# NYC SUMMER BIERGARTEN HERF!! Saturday July 22, 2006



## Scott1966 (Jan 20, 2004)

It's official, the NYC SUMMER BIERGARTEN HERF!!!

Saturday, July 22nd, 2006 at 2:00pm

at the Bohemian Hall Czech Biergarten

http://www.bohemianhall.com/home.htm

Located 24 Ave. and 29th St. in Astoria, NY. (29-19 24th Ave.)

Come one, come all!!!!

I am co-organizing this event. There will be plenty of room for all. The biergarten seats up to 1000, so there will be plenty of places to sit. 12 Dollar pitchers of fine european beers (they have water-aka bud light-too if you insist) and BBQ or Czech cuisine highlight the menu.

The rain date will be that Sunday, July 23rd, 2006 at 2:00pm.

I am working on vendor contributions so I will need an accurate head count as we get closer to the date.
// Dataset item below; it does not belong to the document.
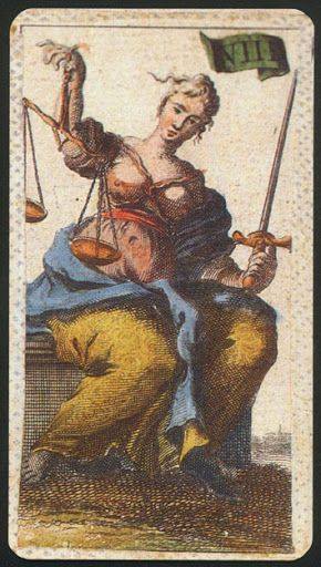 As imagens das cartas são bastante consistentes e recorrem à simbologia da tradição ocidental, na representação de Justiça: uma mulher, empunhando balança e espada, procura ser equilibrada nas decisões, para as executar sem hesitação, em seguida. A diferença é que a Justiça tradicional tem os olhos vendados, como representação da sua neutralidade,enquanto que, no Tarot, é-nos geralmente apresentada de olhos bem abertos, plenamente consciente do processo e também do efeito das suas decisões. A personagem pode surgir antes como um ser alado, angelical, o que lhe permite estar mais elevada em relação à dimensão humana / parcial da visão dos acontecimentos.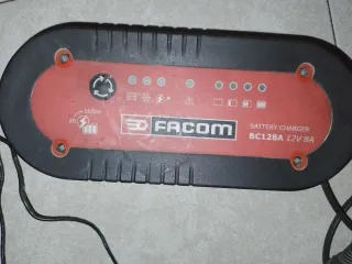 Cargador de baterías FACOM. - Modelo: BC128A - Voltaje: 12V - Corriente de carga: -Las pinzas son otras

Come on, let's get together!!


----------



## DaveC (Sep 4, 2003)

BIER!

if i'm in town i am IN!


----------



## ResIpsa (Mar 8, 2006)

Hmm...i'm a definite maybe, closer to a definite, should be fun


----------



## Scott1966 (Jan 20, 2004)

DaveC said:


> BIER!
> 
> if i'm in town i am IN!


Dave, I was gonna PM you but I see that you can sense a herf..lol. I hope you can make it!


----------



## Scott1966 (Jan 20, 2004)

Bump ^^


----------



## neoflex (Jan 3, 2006)

As long as the wife does not plan on going away for the weekend I'm in. I just came to this herf secxtion to see if anyone in the Tri-State area was interested in herfin it up soon.


----------



## raisin (Dec 3, 2005)

ResIpsa said:


> Hmm...i'm a definite maybe, closer to a definite, should be fun


:tpd:


----------



## ghost (Jun 8, 2006)

AHHH! My first herf right in my old haunting grounds 

Putting it on my calendar now.

Hope to meet up with some of you guys there.


----------



## ghost (Jun 8, 2006)

bump^^


----------



## bonggoy (Mar 9, 2006)

Astoria is in the Queens area, right?


----------



## neoflex (Jan 3, 2006)

bonggoy said:


> Astoria is in the Queens area, right?


Yes Sir.


----------